Data harmonization

In this section instructions are provided to harmonize your individual HBM and accompanying data, and as such making them more FAIR. Data harmonization will improve the comparability of your data with data from other HBM studies, and will make your data interoperable for use with tools such as MCRA (Monte Carlo Risk Assessment software). or the tool for the calculation of summary statistics of the HBM data, which can be made available via IPCHEM and/or integrated into the European HBM dashboard.

User manual

Different files are provided to guide the data harmonization process, the names of the files referred to in the steps below are the following:

BasicCodebook_v2.3.xlsx
BiomarkerList_v2.26.xlsx
PersonalizedEmptyDataTemplate_BasicCodebook_vx.xlsx
ExampleData_BasicCodebook_v2.3.xlsx

Following steps are required to put your data in the right format.
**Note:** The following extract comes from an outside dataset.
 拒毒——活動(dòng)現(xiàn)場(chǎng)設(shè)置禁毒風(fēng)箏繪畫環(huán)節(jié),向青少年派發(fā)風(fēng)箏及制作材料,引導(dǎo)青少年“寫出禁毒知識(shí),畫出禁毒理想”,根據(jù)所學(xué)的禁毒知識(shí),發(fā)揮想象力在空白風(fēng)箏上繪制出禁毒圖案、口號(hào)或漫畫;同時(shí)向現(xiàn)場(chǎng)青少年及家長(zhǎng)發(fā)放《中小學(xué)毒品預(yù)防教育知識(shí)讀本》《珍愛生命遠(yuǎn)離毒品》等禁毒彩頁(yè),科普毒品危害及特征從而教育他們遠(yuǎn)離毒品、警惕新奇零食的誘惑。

Step 1: Fill the biomarker list
Step 2: Fill the empty data template using instructions of the codebook
Step 3: Data validation

Step 1. Fill the biomarker list:

In the Excel file BiomarkerList, indicate in the sheet BiomarkerList which biomarkers have been measured in which matrix for your data collection (put a “1” in the cross-cell of the row with the biomarker measured in your data collection and the column of the matrix in which the biomarker was measured). Send the filled biomarker list to the VITO HBM Data management team: PARC.DATAMANAGEMENT@vito.be. Upon receipt of this information, the VITO Data management team will provide you with a personalized data template adapted for your data collection (Excel format) with a column for the actual measurement value of each indicated biomarker, and two additional columns (for LOD and LOQ respectively). If preferred, you can also request the R version of the data template.
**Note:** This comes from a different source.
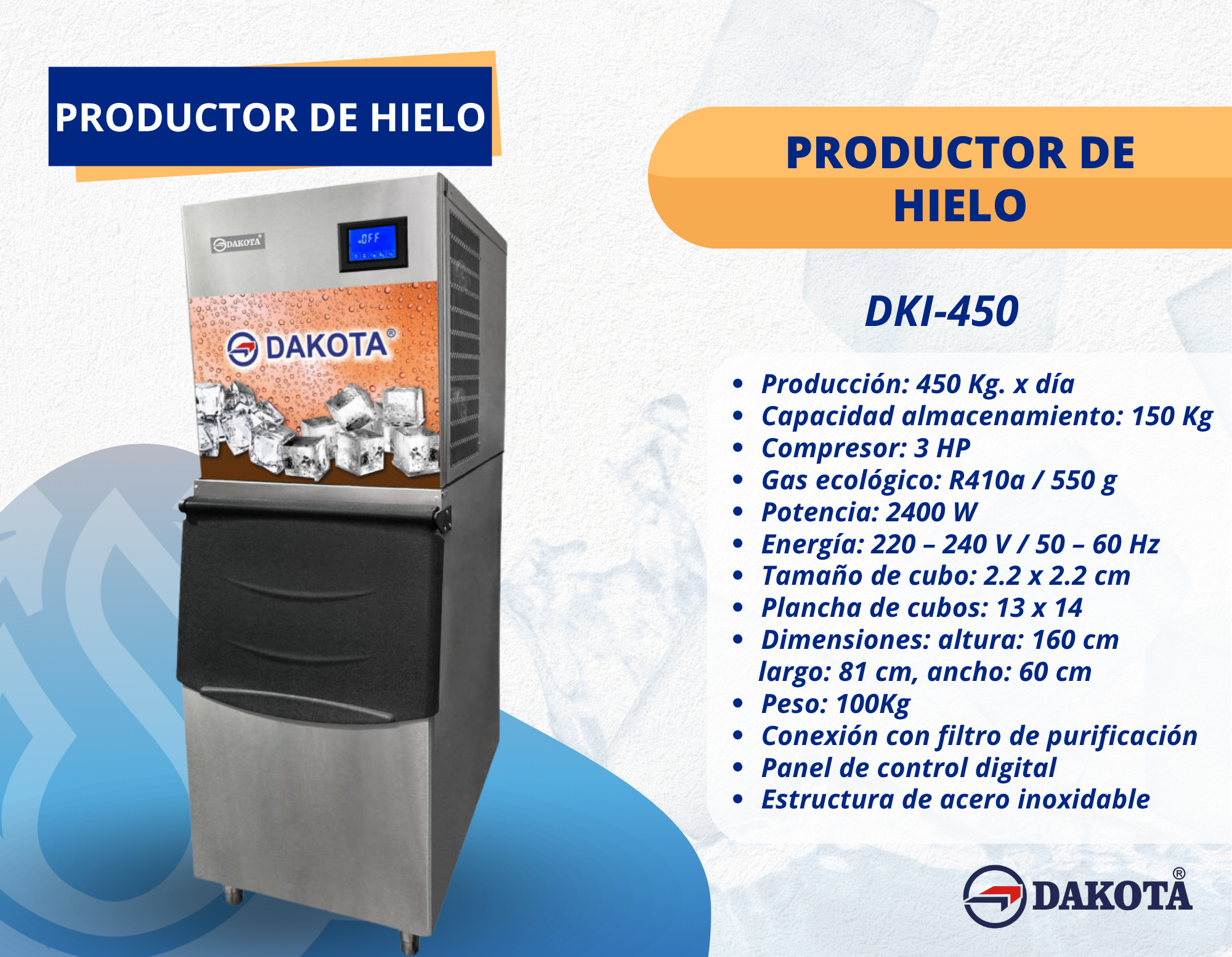 Diseñada para alta producción y uso intensivo, esta máquina elabora hasta 450 kg de hielo por día y cuenta con una capacidad de almacenamiento de 150 kg, ideal para hoteles, restaurantes, pesqueras y servicios de catering. Su potente compresor de 3 HP y panel de control digital garantizan eficiencia, mientras que la estructura de acero inoxidable ofrece máxima durabilidad e higiene.

Additionally, extra information must be supplied by the data owner in the Information sheet. Please fill in Institute and data collection ID, name, description and acronyms in the blue boxes, and fill in with an x, the preferred format in which you would like to receive your data template (both formats can be indicated).

Note: In case you have exposure data available for biomarkers not included in the biomarker list please fill in the PARC input form for additional biomarkers and send it to PARC.DATAMANAGEMENT@vito.be. The additional biomarkers will be evaluated in included in a new biomarker list.

Step 2. Fill the empty data template using instructions of the basic codebook:

As indicated in step 1, VITO will provide the data owner/provider a personalized empty data template. The personalized data template should be filled with your data following the coding instructions of the codebook. In the codebook, all information regarding how each variable should be encoded is provided.

The data must be entered in different sheets of the excel template, this structure was chosen to avoid the need for replication of data. The structure is based on considering the sample as the main unique identifier in the dataset.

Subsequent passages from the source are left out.